L’énergie d’hiver

Hiver : Les énergies du moment

L’hiver commence cette année le 7 novembre et s’achèvera aux alentours du 15 janvier pour être suivi par une période d’intersaison nécessaire vers le printemps. Le solstice d’hiver du 21 décembre marquera d’ailleurs le milieu énergétique de cette saison — c’est le moment où le Yin est à son maximum, et à partir duquel le Yang recommencera doucement à croître.

Et n’oublions pas, même au cœur de l’hiver, là où le Yin est à son apogée, le Yang reste présent à l’image du symbole Tai Ji. La médecine traditionnelle chinoise est une clé préventive : conformez-vous au rythme de la nature.

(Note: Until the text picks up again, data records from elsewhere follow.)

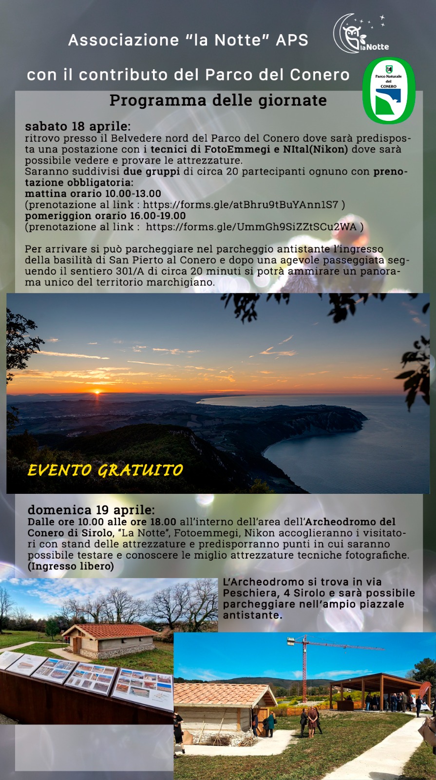 La due giorni prevede che la tarda mattina e il pomeriggio di sabato siano dedicati al paesaggio e alla natura da Belvedere Nord mentre domenica mattina ci si concentrerà all’Archeodromo del Conero a Sirolo per immortalare i manufatti di archeologia sperimentale e l’ambientazione di una casa picena di 2500 anni fa.
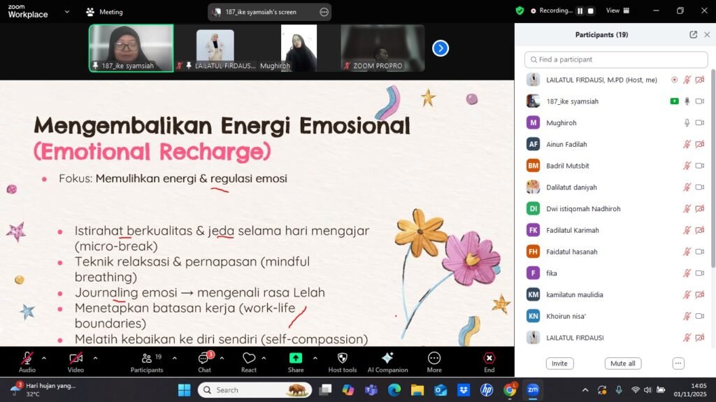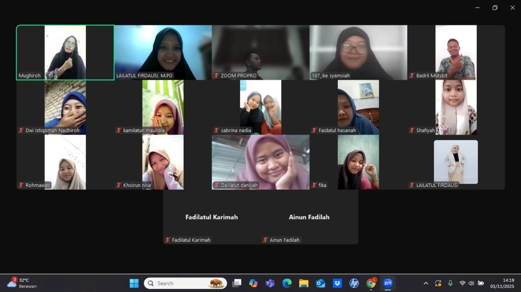 Sabtu, 1 November 2025, Program Studi Pendidikan Islam Anak Usia Dini (PIAUD) Universitas Al-Amien Prenduan menggelar webinar bertajuk “Menjaga Semangat Mengajar: Strategi Pencegahan Burnout untuk Guru PAUD”. Kegiatan ini dilaksanakan secara daring melalui Zoom Meeting dan diikuti oleh seluruh dosen, dan mahasiswa seluruh angkatan prodi PIAUD.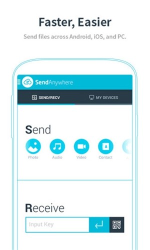 - 在接收设备上输入该密钥并立刻下载文件。支持照片、视频、音乐,以及文档和apk文件形式,并且也可以通过扫二维码来传输。6位密钥可在10分钟内有效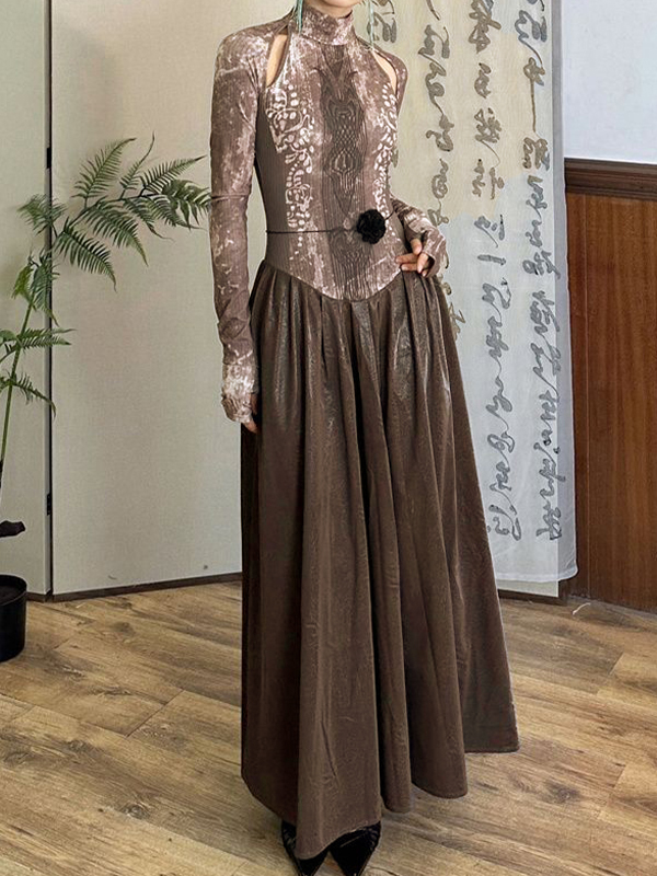 One-Shoulder Mesh Patchwork Maxi Dress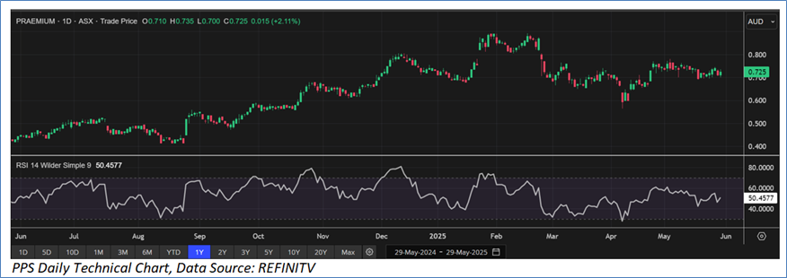 The stock has witnessed a dip of ~2.68% in the last 1 month, and over the past six months, it has increased by ~5.84%. The stock has a 52-week low and 52-week high of AUD 0.415 and AUD 0.893, respectively, and is currently trading above the 52-week high-low average. PPS was last covered in a report dated ‘24 April 2025’.

« Au cœur de l’hiver, j’apprenais enfin qu’il y avait en moi un été invincible. »
Albert Camus, L’Été, 1952.

L’hiver dans la nature

Pour comprendre ce qui se passe dans le microcosme de notre « petit monde intérieur », regardons ce qui se passe à l’extérieur, au niveau du macrocosme.

À l’instar des animaux qui hibernent, nos énergies se terrent. Les graines s’enfouissent dans la terre en attendant de germer au printemps prochain. La force de vie est sous terre. Le corps humain est soumis au même type d’énergie.

La concentration n’est plus à l’extérieur mais à l’intérieur : on met de côté le faire pour faire de la place à l’être. À l’image de la nature, vous devez ralentir votre rythme.

Les phases de repli sont vitales et permettent l’expansion à venir. Si l’on ne peut s’échapper du flux d’activités qui marquent notre quotidien (métro-boulot), tout est question de rythme et de proportion entre l’activité et le repos.

Certains diront même que pour 1 unité d’activité Yang, il faut 2 unités de récupération Yin. Les temps calmes sont à privilégier : lisez, écrivez, posez-vous sous la couette ou sur le canapé. C’est le bon moment et surtout sans culpabilité !

L’eau, élément de l’hiver

En énergétique, l’eau est l’élément rattaché à cette période.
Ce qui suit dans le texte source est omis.